Use Logstash to write Kafka data to AnalyticDB for MySQL - AnalyticDB

If your data already flows through an Apache Kafka pipeline, you can route it directly into AnalyticDB for MySQL Data Warehouse Edition (V3.0) using Logstash. Because AnalyticDB for MySQL is fully compatible with MySQL, the standard Logstash JDBC output plug-in connects without additional drivers or adapters.

How Logstash processes data

Logstash moves data through three sequential plug-in stages:

Stage	Plug-in type	Role
Collect	Input	Reads events from a source (Kafka, files, HTTP, and others)
Transform	Filter	Parses, enriches, and reshapes events (Grok parsing, IP geolocation, PII anonymization)
Write	Output	Sends transformed events to a destination (AnalyticDB for MySQL via JDBC)

Prerequisites

Before you begin, make sure you have:

Logstash 1.5 or later (version 1.5 introduced built-in Apache Kafka integration)
An Apache Kafka cluster with at least one topic containing data to import
An AnalyticDB for MySQL Data Warehouse Edition (V3.0) cluster endpoint, database name, username, and password
The MySQL JDBC driver (com.mysql.jdbc.Driver) on the Logstash classpath

Import Kafka data into AnalyticDB for MySQL

Step 1: Install and update plug-ins

In the root directory of the Apache Kafka server, run:

bin/plugin install
bin/plugin update

For the full list of available Logstash plug-ins, see the Logstash plug-ins repository on GitHub.

Step 2: Configure the pipeline

Create a Logstash configuration file, for example config/kafka-to-adb.conf, with an input block and an output block.

Input configuration

The following example configures a Kafka consumer:

input {
    kafka {
        zk_connect => "localhost:2181"
        group_id => "Logstash"
        topic_id => "test"
        codec => plain
        reset_beginning => false # boolean (optional), default: false
        consumer_threads => 5  # number (optional), default: 1
        decorate_events => true # boolean (optional), default: false
    }
}

Input parameters

Parameter	Type	Required	Default	Description
`zk_connect`	string	Yes	—	ZooKeeper connection string, for example `localhost:2181`.
`group_id`	string	Yes	—	Consumer group ID. Consumption across different consumer groups is isolated from each other.
`topic_id`	string	Yes	—	The Kafka topic to subscribe to and consume from.
`reset_beginning`	boolean	No	`false`	Offset position when Logstash starts: `false` resumes from the last committed offset (or the earliest offset if no prior offset exists); `true` starts from the earliest offset and switches to follow mode (`tail -F`) after consuming the last message.
`consumer_threads`	number	No	`1`	Number of parallel consumer threads.
`decorate_events`	boolean	No	`false`	When `true`, attaches metadata to each event: message size, topic source, and consumer group.
`rebalance_max_retries`	number	No	—	Number of retries for registering a partition owner node in ZooKeeper during a consumer group rebalance.
`consumer_timeout_ms`	number	No	—	Timeout period for receiving messages. Change this value only if the default causes issues in your environment.

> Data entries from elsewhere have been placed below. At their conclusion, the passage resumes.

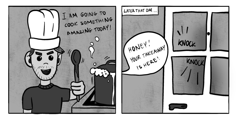 I have created my comics one after the other thinking about the different ways we tried to entertained ourselves during lockdown and came up with the below seven 2 panel comics: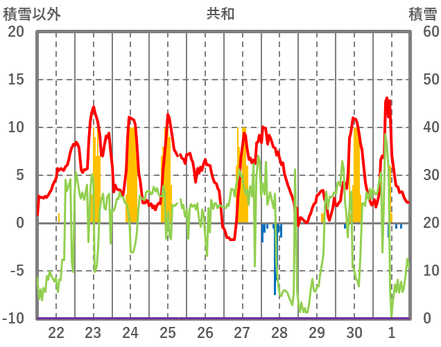 | 日 | 時 | 気温 | 降水 | 風向/風速 | 日照 | 積雪 | 降雪 |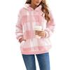 Pluszowa Bluza z Kapturem Kieszeń Damska Luźna Codzienna Pulower Długi Rękaw Kraciasta z Kapturem Sportowy Sweter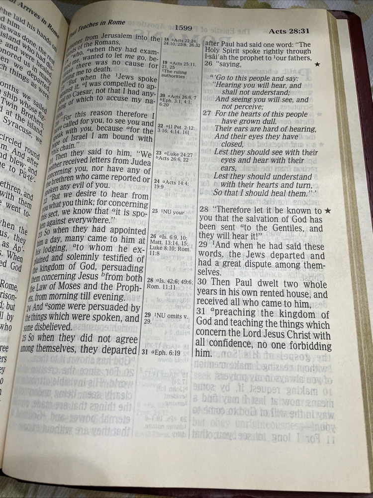 The Nelson Regency Holy Bible NKJV 991BG VTG Giant Print Center Column Reference is a vintage Bible published by Thomas Nelson in 1994. This Bible features a giant print of the NKJV text with center column references, making it easier to study and explore the scriptures. The faux leather bound format adds a touch of elegance, while the large print and red letter features enhance readability. With its focus on religion and spirituality, this Bible is a valuable resource for young adults and adults looking to deepen their understanding of the Bible and its teachings.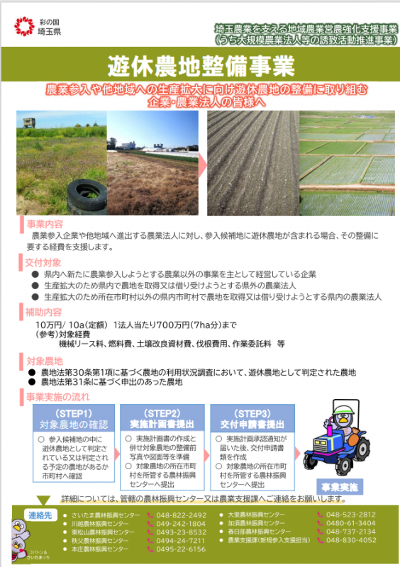 担い手がいない又は将来の担い手確保が見込まれない地域への企業による農業参入や農業法人の進出を促すため、埼玉県の企業参入支援の取組や参入事例を紹介するセミナー及び県内の参入候補地を見学する現地ツアーを開催し、農業参入先としての埼玉県の魅力をPRするとともに、参入候補地に遊休農地が含まれている場合は、その整備に要する経費を支援します。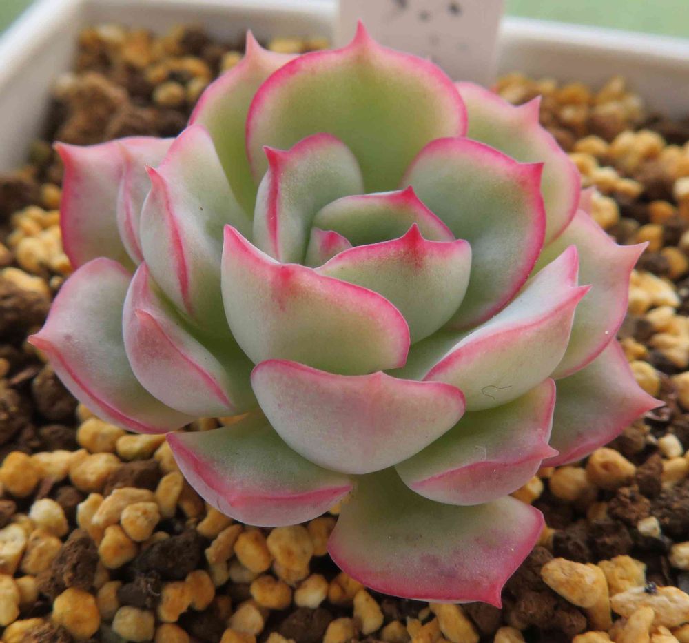 去年の夏、3つのうち2つが★になってしまった魅惑の月。生き延びたのは小さい株だったけれど、濃いピンクのエッジが際立って割といい姿になってきた。幸い、夏にダメ元で残しておいた葉からも3つほど葉挿しに成功した。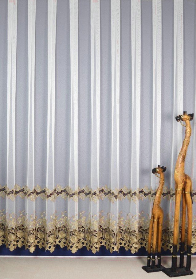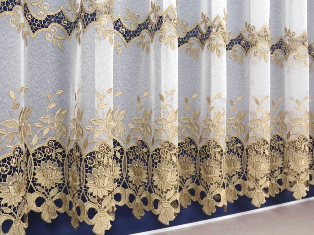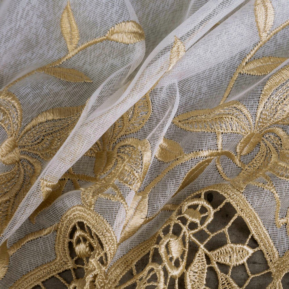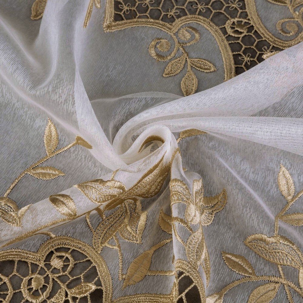 Firana z gipiurą KOKARDKI – Krem/Stare Złoto o wysokości 2,90 m to efektowna, długa firana z markizety w kolorze czystej bieli z elegancką gipiurą w kolorze starego złota. Model idealny na drzwi balkonowe, tarasowe lub wysokie okna w salonie, gdzie dekoracja będzie widoczna zarówno od środka, jak i na zewnątrz.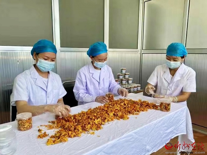 孟秋時(shí)節(jié)的汾源大地,仍然是綠意蔥蘢,百花盛開。忻州市寧武縣東馬坊鄉(xiāng)莊旺村金蓮花茶種植基地里,村民們忙著采摘、晾曬、烘干、裝罐、發(fā)運(yùn),一片忙碌景象。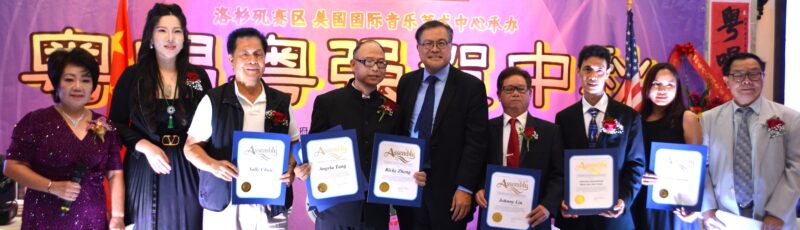 加州州众议员方树强(Mike Fong)向梅宁、黄学文、冯炎成、王温蒂等颁发贺状

For a complete parameter reference, see the logstash-kafka README on GitHub.

Note

To consume messages from the same topic in parallel, divide the topic into multiple partitions and assign the same group_id and topic_id to each consumer. This ensures messages are consumed in order.

Output configuration

The following example writes events to AnalyticDB for MySQL using the JDBC output plug-in:

output {
    jdbc {
        driver_class => "com.mysql.jdbc.Driver"
        connection_string => "jdbc:mysql://HOSTNAME/DATABASE?user=USER&password=PASSWORD"
        statement => [ "INSERT INTO log (host, timestamp, message) VALUES(?, ?, ?)", "host", "@timestamp", "message" ]
    }
}

Replace the placeholders in connection_string:

Placeholder	Description
`HOSTNAME`	Endpoint of the AnalyticDB for MySQL cluster
`DATABASE`	Target database name
`USER`	Database username
`PASSWORD`	Database password

Output parameters

Parameter	Type	Required	Description
`driver_class`	string	Yes	JDBC driver class name. Use `com.mysql.jdbc.Driver` for AnalyticDB for MySQL.
`connection_string`	string	Yes	JDBC connection URL for the AnalyticDB for MySQL cluster.
`statement`	array	Yes	An array where the first element is the INSERT statement with `?` placeholders, followed by the Logstash field names that map to each placeholder in order.

For a complete parameter reference, see the logstash-kafka README on GitHub.

Step 3: Start the pipeline

In the Logstash installation directory, run:

bin/Logstash -f config/kafka-to-adb.conf

Logstash starts consuming messages from the configured Kafka topic and writing them to AnalyticDB for MySQL.